After having online and offline channels brought together in one platform, you next need to be able to visualize how customers interact with each channel. A comprehensive data platform should build a complete picture of your customers on an individual level, what channels they interact with, what times they are most likely to interact with marketing campaigns, and make recommendations on what marketing channels you should send them next.

A good data platform collects first-party customer data (transactional, behavioral, demographic) from a multitude of sources and systems, and links that information to each individual customer. This creates a 360-degree customer profile, also called a single customer view.

Finally, you need to be able to compile all these customer profiles into segments that build the basis for individual campaign initiatives. It’s one thing to be able to build segments, but it’s another to automatically keep them updated and change segments as customer behavior changes. Segments that can’t update automatically can lead to old messaging that doesn’t resonate, effectively rendering your personalization efforts useless.

Put Comprehensive Data Into Practice

By utilizing a data platform as described above, commerce marketers are able to create truly 1:1 personalized experiences for their customers at scale. No longer will you have to manually move customers from one campaign to another. No longer will customers get the same marketing messages that may or may not apply to the products they purchase from you. No longer will the data not be owned by your marketing team. Instead, you will be able to send the right messages that resonate with each individual customer at the precise time they are most likely to engage and purchase.

Email Service Provider (ESP)

An email service provider (ESP) is exactly what it sounds like — a service that offers email marketing or bulk email capabilities.

For all of the advances we have seen in technology in the digital era, email is still one of the most important channels in any company’s arsenal. That’s why email deliverability is so essential.

There are somewhere in the neighborhood of 270 billion emails sent every day worldwide. Consider your own inbox for a moment. How many emails do you receive per day? 25? 50? 100? It’s important to understand that by using an ESP and with email marketing in general, you certainly won’t be the only company tapping into this universal strategy.

But that doesn’t mean you can’t stand out doing it.

A good ESP sends, receives, and tracks your email messages. It should allow you to send and track your marketing communications effortlessly and should allow you to build campaigns with ease. A good ESP will help you do all you can to avoid spam traps, improve your deliverability, and drive higher conversion rates from marketing messages.

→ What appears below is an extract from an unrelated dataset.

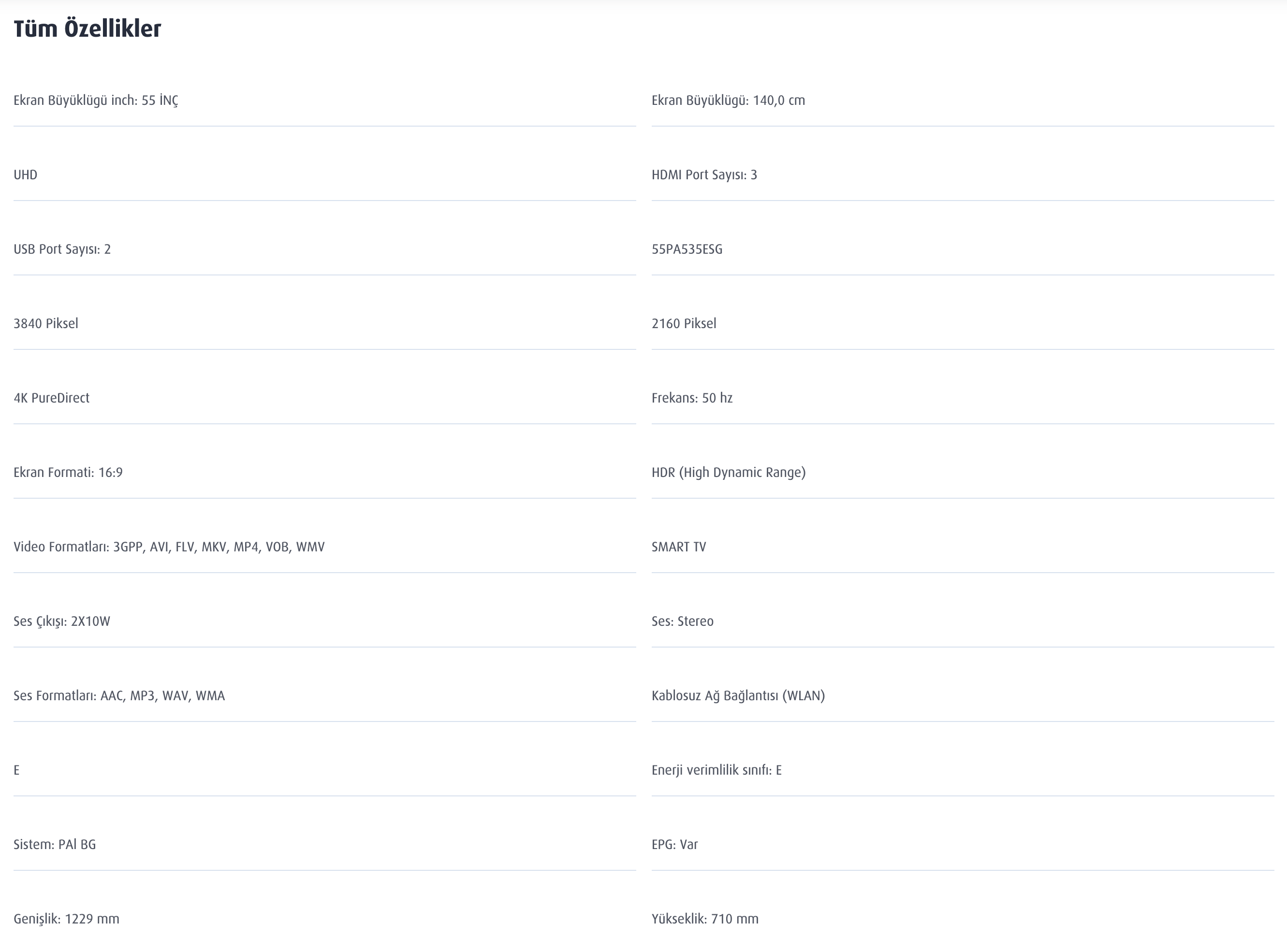 Profilo 55PA535ESG E Enerji Sınıfı 55'' 140 Ekran Ultra HD Uydu Alıcılı Android Led Televizyon

Why bother with email marketing in the first place? It’s a very effective method to increase sales by making customers aware of the products or services that you’re offering. Specifically, it allows you to:

  • Advertise key products or sale items to certain segments of shoppers that you feel are more inclined to purchase
  • Compel people to become more invested in your brand thanks to recurring newsletters or company updates
  • Ultimately, increase customer lifetime value by building a stronger relationship with your customers

Add Data Segments Into Your Email Practice

By using the data segments in your data platform and applying them to email, marketers can make more effective campaigns to re-engage customers. For example, if you notice you have a large issue with abandoned carts, you can create a segment of customers who all abandoned their carts within a given timeframe. By using this segment within your ESP, you can create an automated email that includes their items left in cart, accompanied by a discount code, that links them to the exact place they left off, sent at the exact time they have historically interacted with your emails in the past. This leads to higher open and click-through rates in your email, while also conveying to the customer that you understand what’s most important to them.

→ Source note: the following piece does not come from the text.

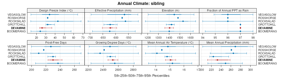 Select annual climate data summaries for the DEVAMINE series and competing. Series are sorted according to hierarchical clustering of median values. Source: SSURGO map unit geometry and 1981-2010, 800m PRISM data .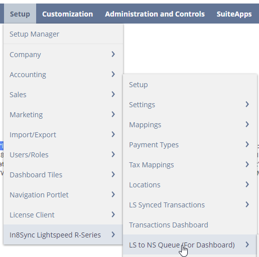 Setup Tab > In8Sync Lightspeed R-Series >LS to NS Queue (For Dashboard)

Mobile Marketing (SMS/MMS/Push Notifications)

If using an email service provider is old faithful, mobile marketing represents the future of digital marketing.

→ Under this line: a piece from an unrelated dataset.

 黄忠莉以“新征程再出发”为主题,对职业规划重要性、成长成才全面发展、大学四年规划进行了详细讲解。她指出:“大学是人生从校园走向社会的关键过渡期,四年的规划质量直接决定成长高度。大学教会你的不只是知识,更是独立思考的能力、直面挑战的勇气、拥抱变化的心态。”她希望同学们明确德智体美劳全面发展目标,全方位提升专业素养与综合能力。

What is mobile marketing? A multi-channel online marketing technique that is focused on reaching people who — yes, you guessed it — use their mobile devices (smartphones, feature phones, tablets, etc.) to access the content being disseminated.

For our purposes, we will focus specifically on MMS messaging, SMS messaging, and push notifications, which all can be grouped under the umbrella of “messages that can be received on mobile devices.”

Thanks to built-in APIs, collected customer data, and messaging software, companies can create personalized and product-specific automated messages to send to their customers in real time to help reengage them and guide them through the customer journey with their brand.

MMS is a built-in channel to send multimedia content via mobile that allows for an engaging and branded way to reach customers where they are most active. With MMS messaging, brands can personalize content with zero-party or first-party data to target high-intent audiences. This makes converting abandoned carts, engaging your most loyal customers, and welcoming new users very simple.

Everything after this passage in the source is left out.